Current valuations add another layer of vulnerability. The S&P 500 trades at 19.8 times next-twelve-month earnings, a 14% premium to its 20-year average, according to FactSet. Tech giants, which account for 32% of index weight, are priced at 27 times forward earnings, leaving little room for disappointment if discount rates move higher.
Corporate buybacks—historically a buffer during selloffs—are also slowing. Goldman Sachs estimates S&P 500 gross buybacks will total $850 billion in 2024, down from $930 billion last year, as elevated rates make funding repurchases more expensive.
Still, some strategists argue that the U.S. economy’s reduced energy intensity compared with prior decades limits the downside. “It now takes 60% less oil to generate a dollar of GDP than in 1980, so the macro hit is smaller,” said Ed Yardeni, president of Yardeni Research. “The bigger risk is a 1970s-style wage-price spiral if workers demand higher pay to offset headline inflation.”
History suggests volatility will persist until either diplomatic channels cool the Middle-East temperature or data confirm inflation is returning toward the Fed’s 2% target.
Where Do Markets Go From Here?
Implied volatility on one-week S&P 500 options rose to 24%, the highest since March, indicating traders are positioning for further swings. The put-call skew—a measure of downside protection demand—hit its most extreme level since the regional-bank stress in May 2023, according to Susquehanna Financial.
Some investors see opportunity in oversold conditions
“If you believe the Fed is data-dependent and not geopolitics-dependent, every spike in oil is a chance to buy high-quality growth at a discount,” said Tony DeSpirito, BlackRock’s global chief investment officer of fundamental equities. “We added to mega-cap tech on Thursday, betting that forward earnings are intact even if multiples compress short-term.”
Others prefer to wait for confirmation that core inflation is rolling over. “We need to see at least two consecutive months of sub-0.2% core CPI before declaring victory,” said Kristina Hooper, chief global market strategist at Invesco. “Until then, cash yielding 5.4% in money-market funds looks attractive versus equities with an earnings yield of 5.1%.”
Technical analysts note that the S&P 500’s 50-day moving average is flattening, a development that preceded 5–7% corrections in both 2022 and 2023. Support is seen around 4,950, the March swing low, with resistance at the record close of 5,255.
Earnings season, which kicks off in two weeks, could provide the next catalyst.

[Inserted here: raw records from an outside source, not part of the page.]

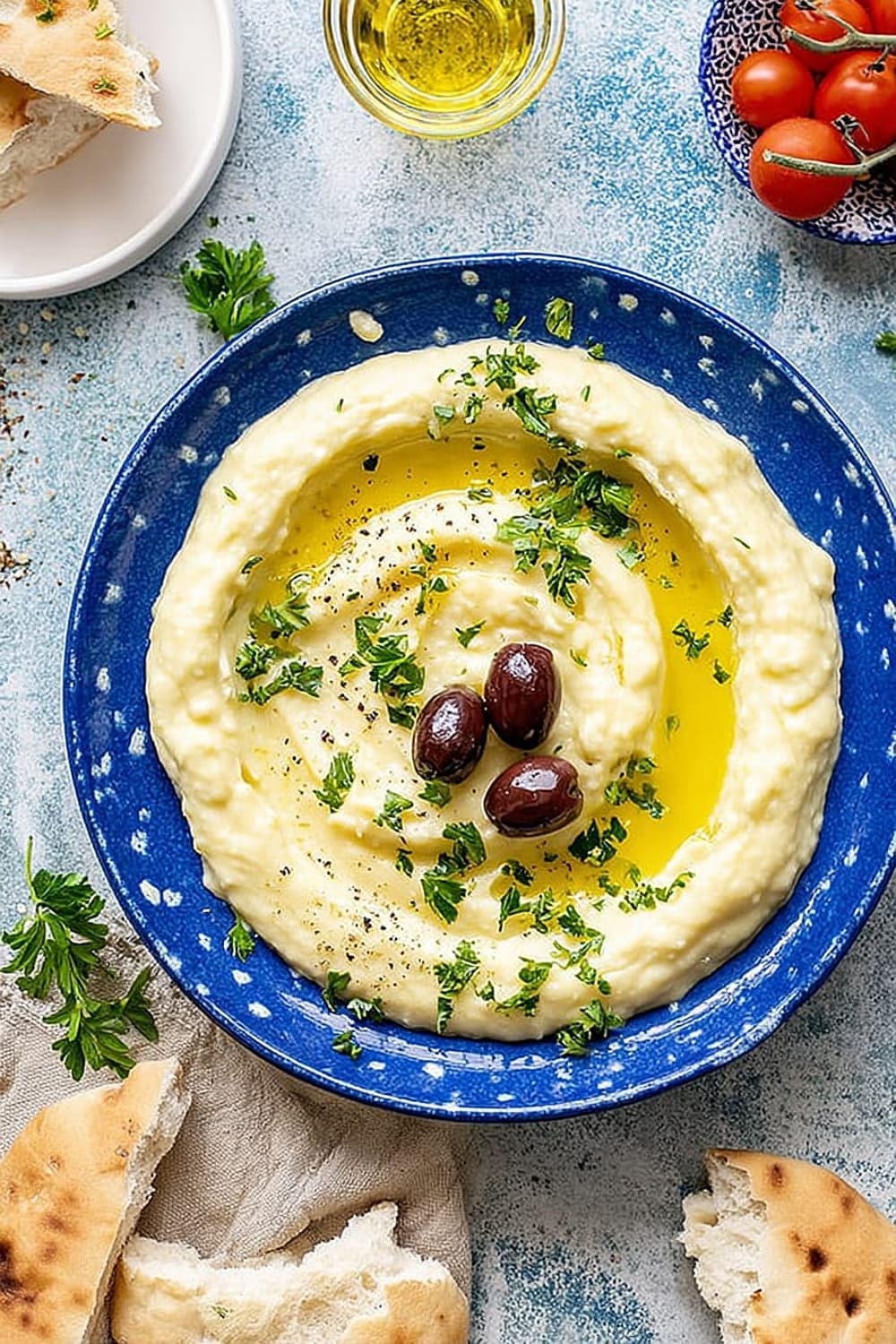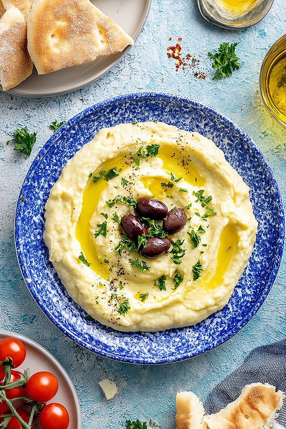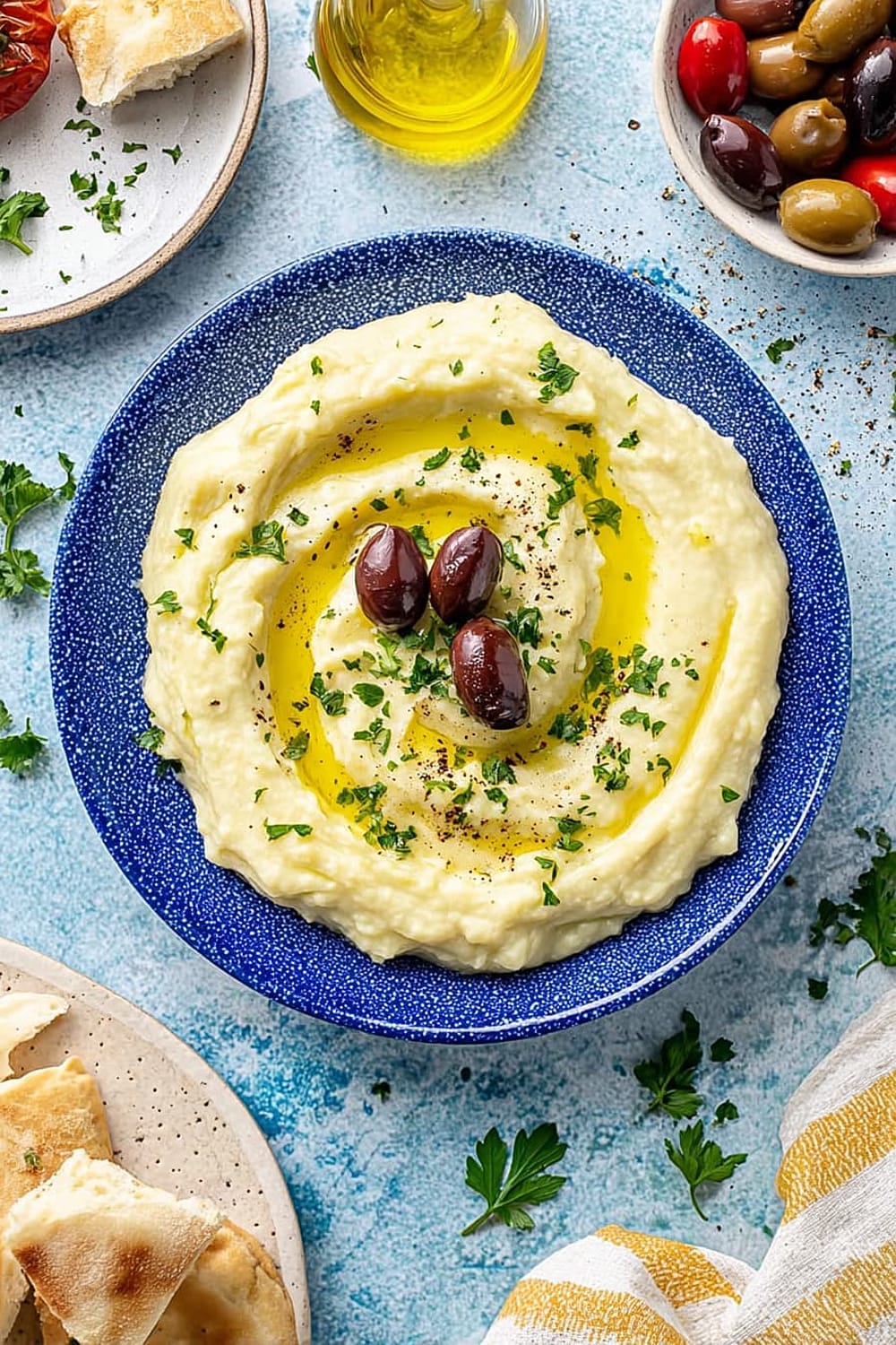 Double easily for large gatherings – use a stand mixer with paddle attachment for larger batches. Presentation tip: Create decorative swirls with the back of a spoon, drizzle with golden olive oil, and garnish with paprika, fresh herbs, or pomegranate seeds for stunning visual appeal.
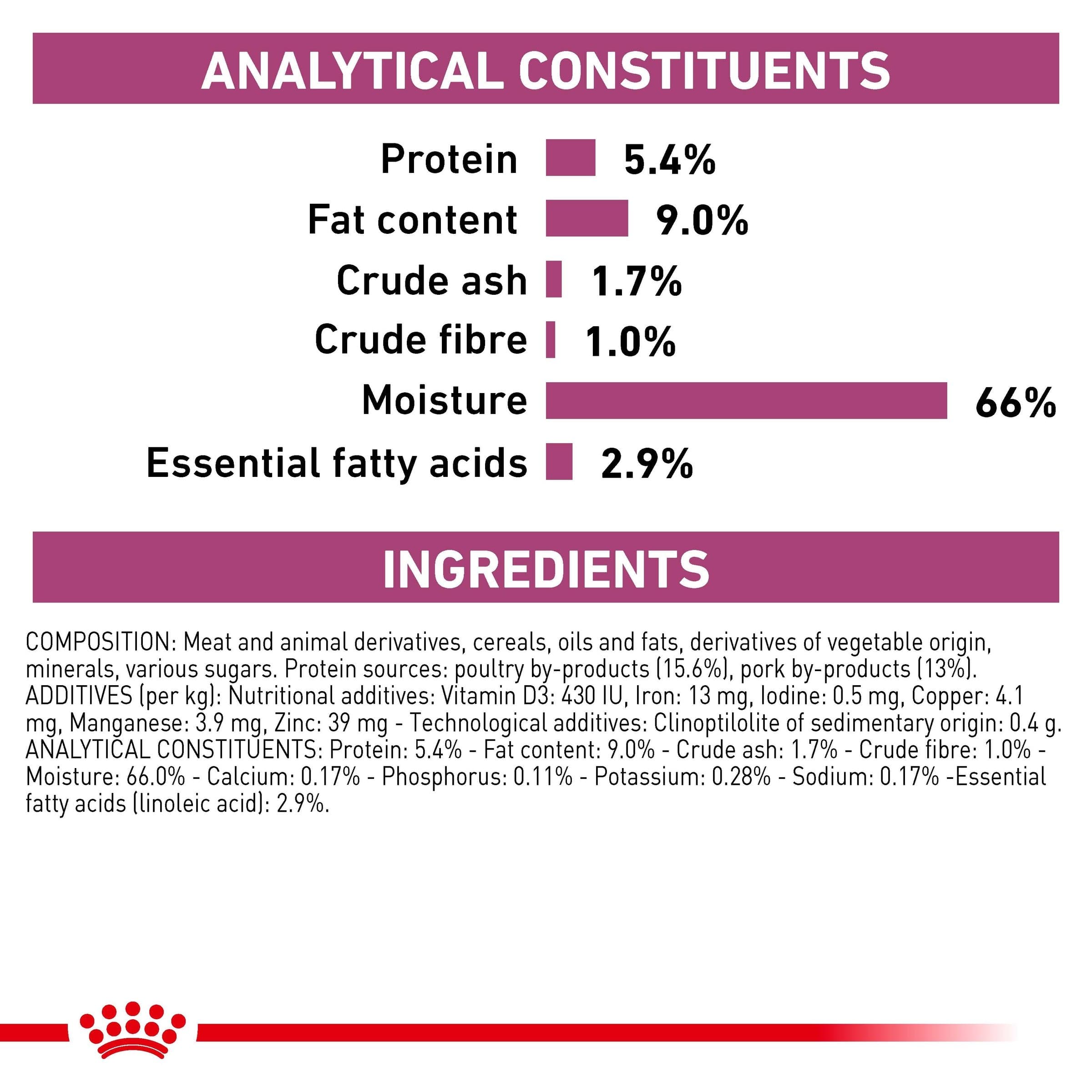 Composition: Poultry by-products, rice, pork by-products, maize flour, sunflower oil refined, minerals, rice flour, powder cellulose, fish oil, dried beet pulp, fructo-oligosaccharides, marigold meal. Protein sources: poultry by-products (15.6%), pork by-products (13%) Additives (per kg): Nutritional additives: Vitamin D3: 430 IU, Iron: 13 mg, Iodine: 0.5 mg, Copper: 4.1 mg, Manganese: 3.9 mg, Zinc: 39 mg - Technological additives: clinoptilolite of sedimentary origin: 0.4 g Analytical constituents: Protein: 5.4%, Fat content: 9.0%, Crude ash: 1.7%, Crude fibres: 1.0%, Moisture: 66.0%, Calcium: 0.17%, Phosphorus: 0.11%, Potassium: 0.28%, Sodium: 0.17%, Essential Fatty acid (Linoleic Acid): 2.9%. Metabolisable energy: 158.60 kcal/ 100g. Please Note: Royal Canin takes pride in ensuring the scientific reliability of all product information. The information in this product listing was true and accurate at the time of publication. However, please note that from time to time, for example due to ingredient availability or a change in sourcing factory within our global factory network for the purpose of ongoing supply, it is necessary to make product changes at short notice, and there may be some delays in updating the information in our product materials.
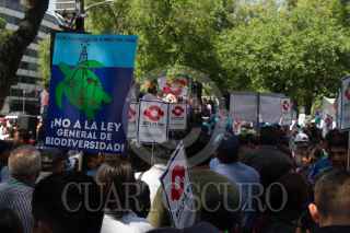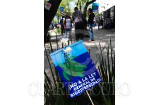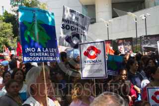 CIUDAD DE MÉXICO, 19ABRIL2018.- Integrantes del Sindicato de Trabajadores de la Universidad Nacional Autónoma de México se manifestaron en contra de la posible aprobación de la Ley General de Biodiversidad afuera del Senado de la República. FOTO: MOISÉS PABLO /CUARTOSCURO.COM
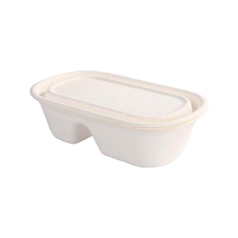 首頁 / 產品 / 甘蔗渣食品容器 / 可用性強兩格容器/800ml帶蓋

Consensus expects S&P 500 profits to grow 9.2% year-over-year, but guidance has been trending lower, with 76 companies issuing negative pre-announcements versus 32 positive ones, the most negative ratio since late 2022, according to FactSet.
Ultimately, the trajectory of both inflation and geopolitics remains fluid, leaving markets prone to headline-driven swings until clearer signals emerge from either the Fed or the Middle East.
Frequently Asked Questions
Q: Why did stocks fall after the latest Middle-East attacks?
Crude benchmarks jumped 4% on Thursday after drone strikes hit oil-and-gas sites in the Persian Gulf, reviving fears of supply shocks that could push global inflation higher and force the Fed to keep rates elevated.
Q: How much did the S&P 500 drop and what does the VIX show?
The S&P 500 fell 1.3%, its third straight daily decline, while the Cboe Volatility Index closed above 20 for the first time in six weeks, signalling that investors are pricing in larger near-term price swings.
Q: Are Fed rate cuts still expected this year?
Futures now imply only one 25-basis-point cut by December, down from three cuts priced a month ago, after stronger CPI and PPI readings and geopolitical risks to energy prices.